◆ DATA RECORDS:
* * * * *

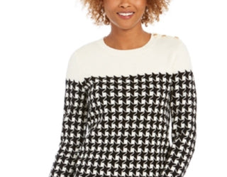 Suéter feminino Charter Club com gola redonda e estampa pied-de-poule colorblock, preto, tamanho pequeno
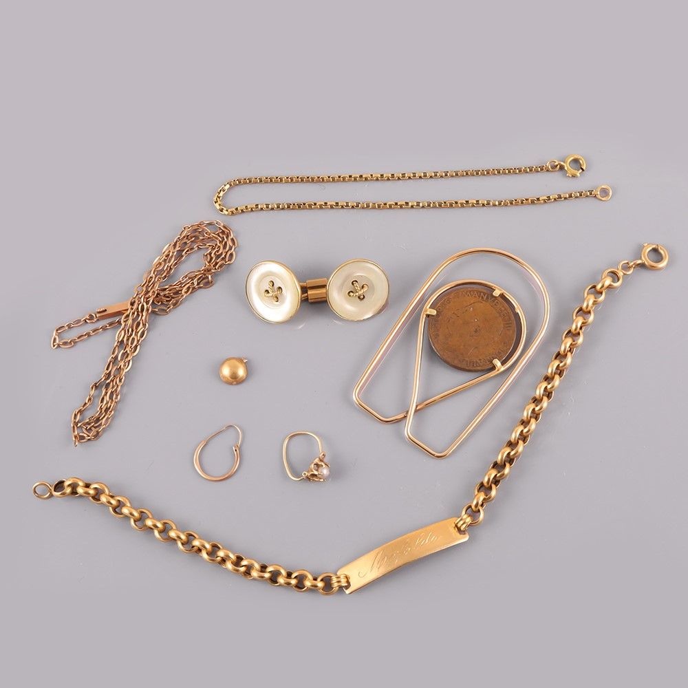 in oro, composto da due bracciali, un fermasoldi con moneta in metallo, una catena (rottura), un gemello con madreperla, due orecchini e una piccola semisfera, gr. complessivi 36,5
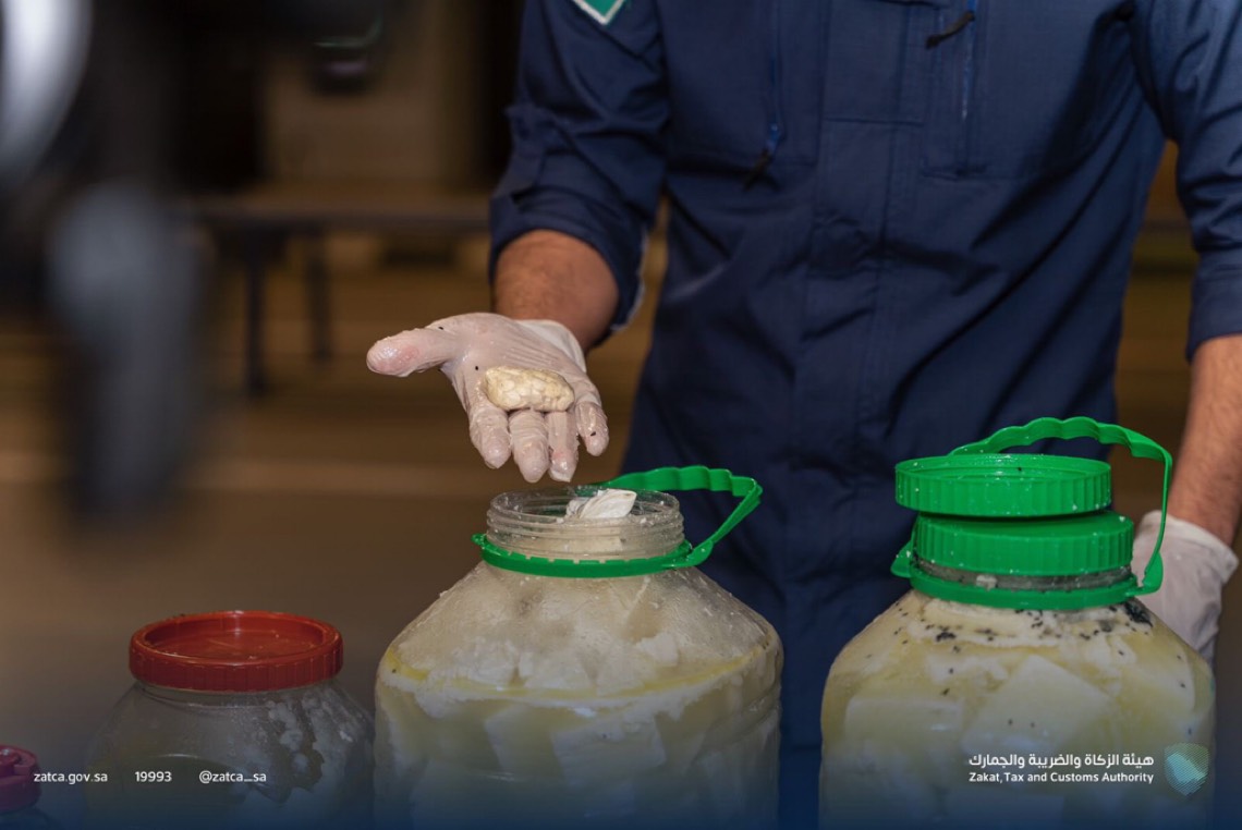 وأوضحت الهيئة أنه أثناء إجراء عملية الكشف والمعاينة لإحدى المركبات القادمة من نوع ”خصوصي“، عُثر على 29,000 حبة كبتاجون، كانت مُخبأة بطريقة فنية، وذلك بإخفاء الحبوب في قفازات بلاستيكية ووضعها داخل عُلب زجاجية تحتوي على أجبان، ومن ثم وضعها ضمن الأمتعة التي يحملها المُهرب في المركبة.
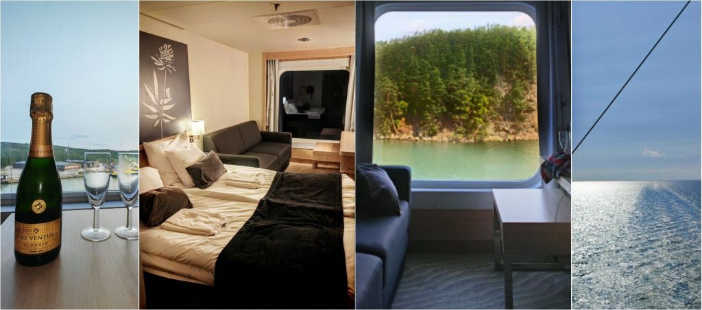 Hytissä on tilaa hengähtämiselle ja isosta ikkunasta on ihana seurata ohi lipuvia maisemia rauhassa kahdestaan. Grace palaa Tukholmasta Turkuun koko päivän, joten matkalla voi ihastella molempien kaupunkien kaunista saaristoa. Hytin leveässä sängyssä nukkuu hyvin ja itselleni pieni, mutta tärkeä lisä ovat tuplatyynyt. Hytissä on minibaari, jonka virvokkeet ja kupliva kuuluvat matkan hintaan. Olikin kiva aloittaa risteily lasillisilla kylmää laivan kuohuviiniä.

* * * * *

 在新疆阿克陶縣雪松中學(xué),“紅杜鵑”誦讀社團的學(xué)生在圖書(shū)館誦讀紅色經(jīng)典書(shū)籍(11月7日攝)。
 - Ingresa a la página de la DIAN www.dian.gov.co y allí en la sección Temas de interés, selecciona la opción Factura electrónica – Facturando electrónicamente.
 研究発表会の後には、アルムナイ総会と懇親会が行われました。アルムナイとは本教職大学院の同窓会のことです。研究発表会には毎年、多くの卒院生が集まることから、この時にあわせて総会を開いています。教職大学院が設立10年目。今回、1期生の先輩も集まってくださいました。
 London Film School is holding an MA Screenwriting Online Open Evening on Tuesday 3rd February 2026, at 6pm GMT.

* * * * *

◆ TASK BRIEF:
In the listing above, find the line containing "在新疆阿克陶縣雪松中學(xu" and the line containing "London Film School", then quote both, plus every line between them, exactly as written.

◆ OUTPUT OF THE EXERCISE:
 在新疆阿克陶縣雪松中學(xué),“紅杜鵑”誦讀社團的學(xué)生在圖書(shū)館誦讀紅色經(jīng)典書(shū)籍(11月7日攝)。
 - Ingresa a la página de la DIAN www.dian.gov.co y allí en la sección Temas de interés, selecciona la opción Factura electrónica – Facturando electrónicamente.
 研究発表会の後には、アルムナイ総会と懇親会が行われました。アルムナイとは本教職大学院の同窓会のことです。研究発表会には毎年、多くの卒院生が集まることから、この時にあわせて総会を開いています。教職大学院が設立10年目。今回、1期生の先輩も集まってくださいました。
 London Film School is holding an MA Screenwriting Online Open Evening on Tuesday 3rd February 2026, at 6pm GMT.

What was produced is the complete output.